Despite fears, only 80 independent bookstores will have closed in 2020 and 41 in 2021. At the same time, some 300 stores have opened in recent years and more than 200 more are coming in the next one to two years. ” It’s pretty amazing when you think about how desperate these stores are in 2020. says the executive director of the American Booksellers Association, Allison Hill.

We saw a comeback like we’ve never seen before she continues. Emphasizing a more diversified orientation, she adds: The rise of BIPOC stores [gérés par ou orientés vers les personnes issues de la diversité] is a big change for us. »

The ABA has long been predominantly white. Board Chairman Jamie Fiocco acknowledged in June 2020 — after the murder of George Floyd — that the association had not done enough to “remove barriers to membership and service for Black, Indigenous and people of color. Hill cited many recent initiatives: the expansion of the diversity committee, the diversification of the board, increased awareness and — for a time — the removal of membership fees.

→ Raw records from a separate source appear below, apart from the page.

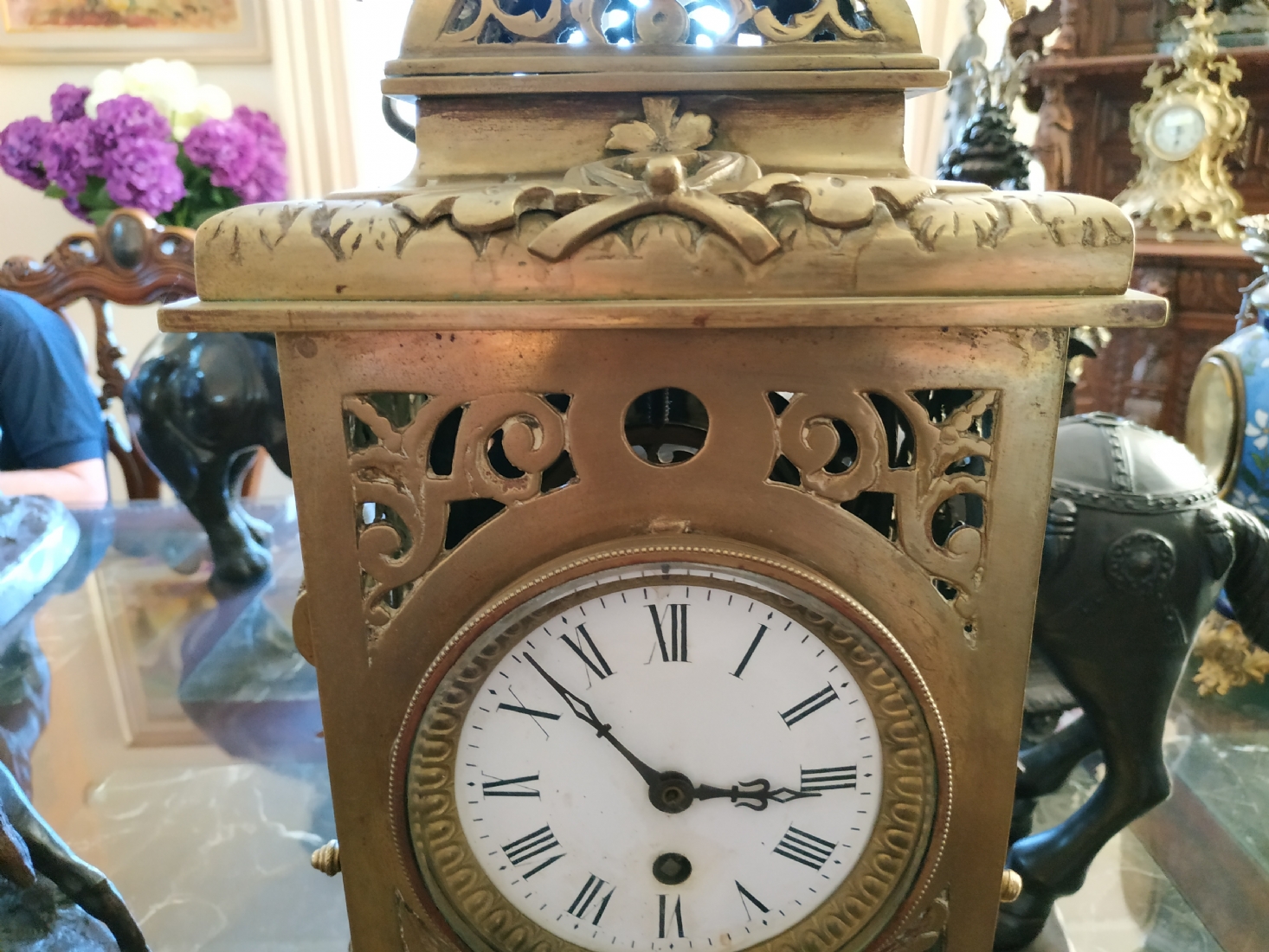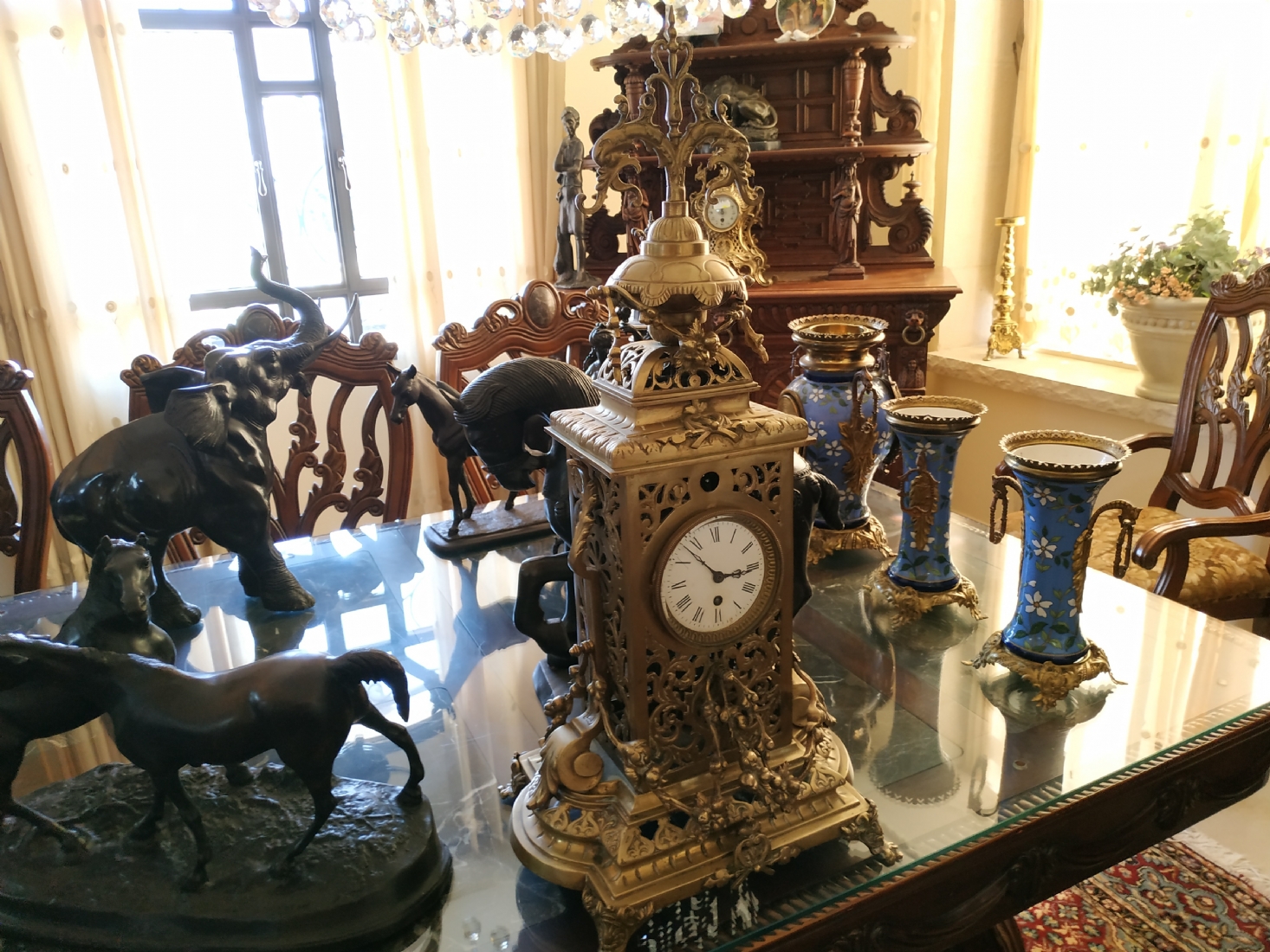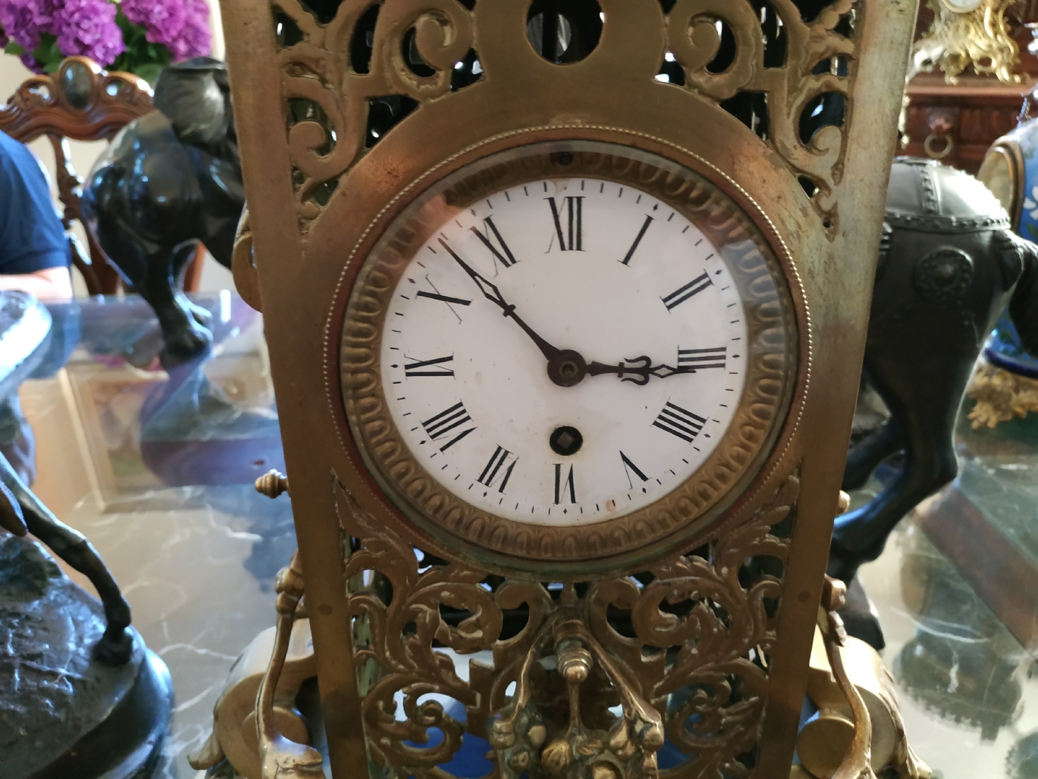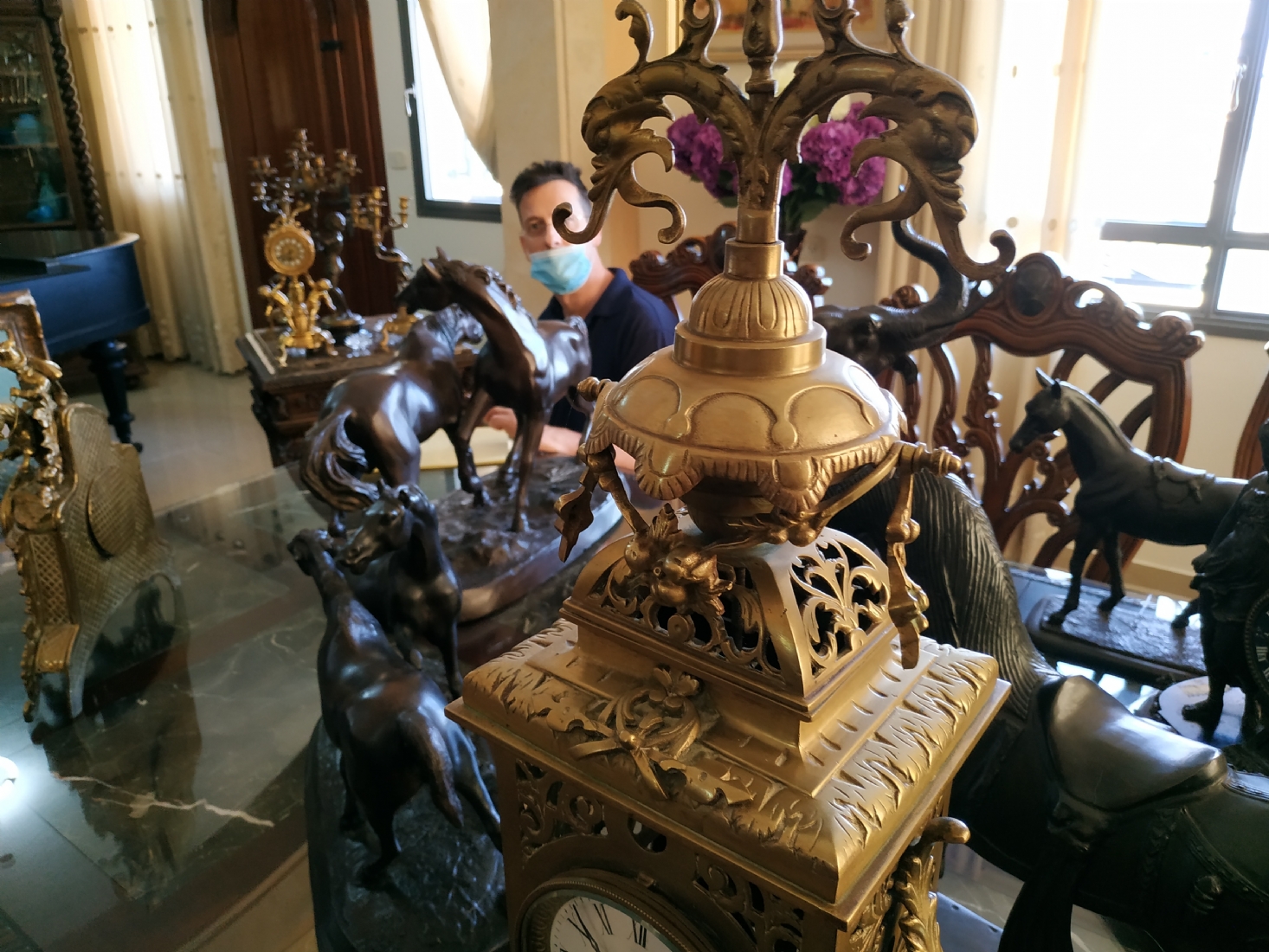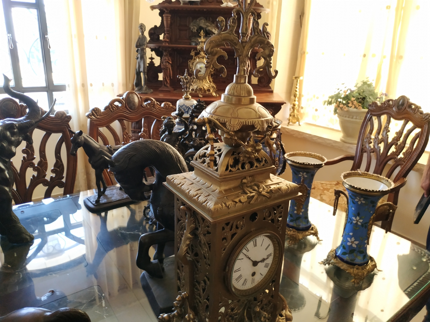 שעון קמין גדול ומרשים מאד עשוי ברונזה בסגנון הניאו רנסנס, גובה: 70 ס"מ, רוחב: 35 ס"מ, עומק: 28 ס"מ. (הפריט הושאר בבית בדלית אל כרמל, הזוכה בו מתחייב לפנותו מהבית תוך שבוע מיום המכירה הפומבית בתיאום עם בעל הבית).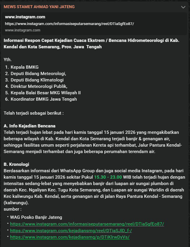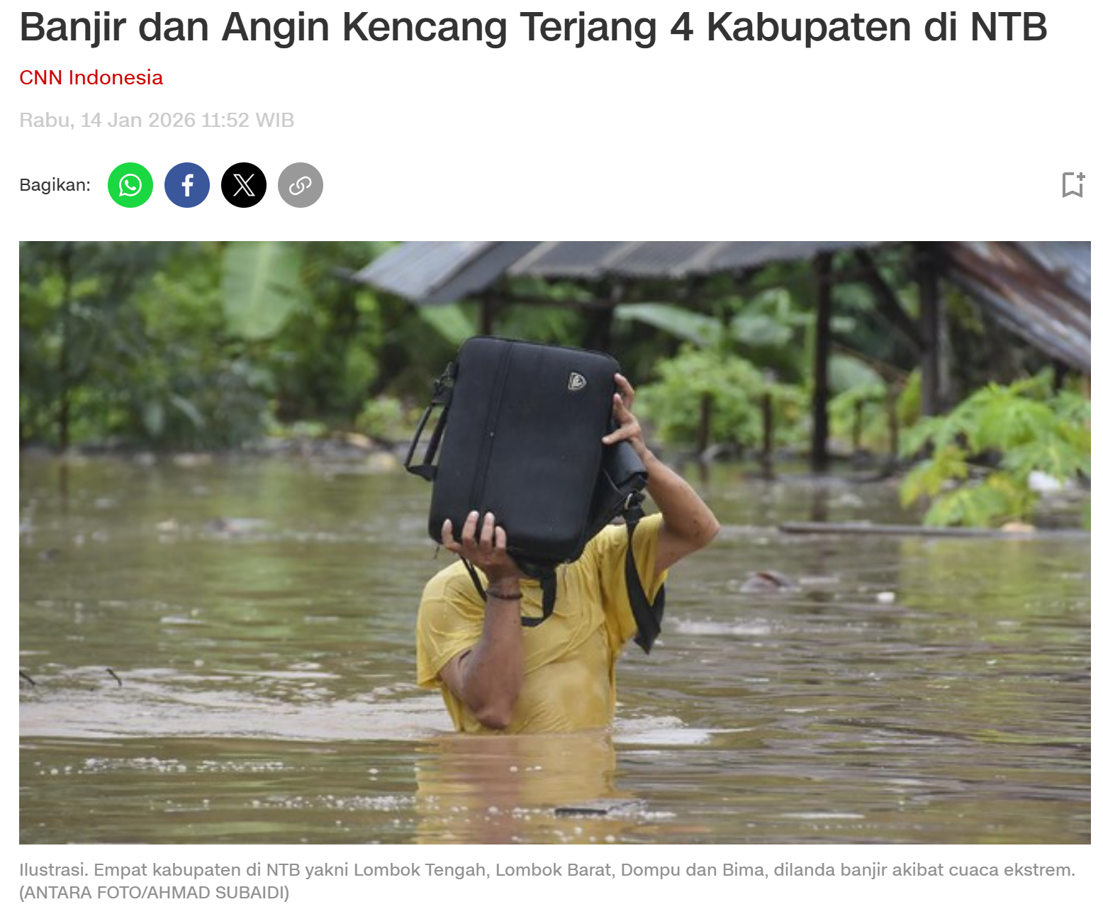 Cuaca Ekstrem: Puting Beliung 14/01/2026 - 15/01/2026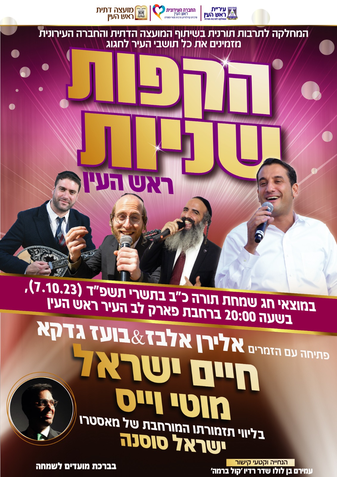 ראש העין: הקפות שניות מרכזי יערך ברחבת הפארק העירוני לב העיר, החל מהשעה 20.00 בערב, עם הזמרים בועז גדקה, חיים ישראל, מוטי וייס ואלירן אלבז, וישראל סוסנה ועוד.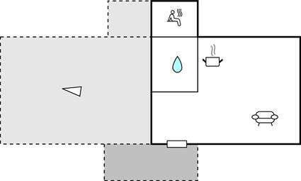 Badeværelse (nr. 1) - WC. Varmt og koldt vand. Bruser

The ABA now has 2,023 member stores in its ranks: a dazzling increase, compared to 1,689 at the beginning of July 2020. Part of this growth can be explained by the re-registration of former members who passed their turn during the pandemic, but it signals a strong and regular increase in the opening of new establishments, a trend which should continue.

It’s the highest ABA membership total in years, even though the association in 2020 tightened its rules and only allowed stores that ” mainly sell books (representing more than 50% of the inventory), as opposed to other stores offering notably books. The ABA also does not list sellers whose memberships are inactive.

In the Shadow of Amazon

The establishments have also seen a jump in their turnover: in a survey of booksellers released earlier this year, the ABA found that around 80% of respondents said they saw more sales in 2021 than in 2020. Nearly 70% of them saw higher sales compared to 2019, Allison Hill finds for the New York Times.

Overwhelming competition from online giants like Amazon would discourage the opening of physical points of sale, but the growth of brick-and-mortar bookstores remains notable. However, landlords are facing new uncertainties, known from the world of the book industry: shortage of labour, difficulties in the supply chain, rising rents and interest rates, but also the cost of raw materials, etc

The pandemic will have been a starting point for bringing communities together around their local bookstores in times of crisis. Although the number of sales initially fell during periods when establishments were closed, the latter quickly intensified their online sales operations, finding at the same time new ways to retain their customers: online ordering and in-store pick-up, home delivery, pop-up stores or bookmobiles.

READ: The vitality of bookstores and the enthusiasm of “neo-booksellers”

It also turned out that readers were in demand for printed books during the pandemic, and the surge in sales continued in 2021. Publishers sold nearly 827 million printed books, which represents an increase of 10% from 2020, according to NPD Book Scan.

The new generation of booksellers would result, more broadly, from the questions induced by the pandemic and its multiple confinements. As people reevaluate their lives and change professions, retail spaces are also becoming more affordable. Government support for small businesses has helped many bookstores resist closure, while stimulus grants have allowed some to quit their jobs to set up new businesses.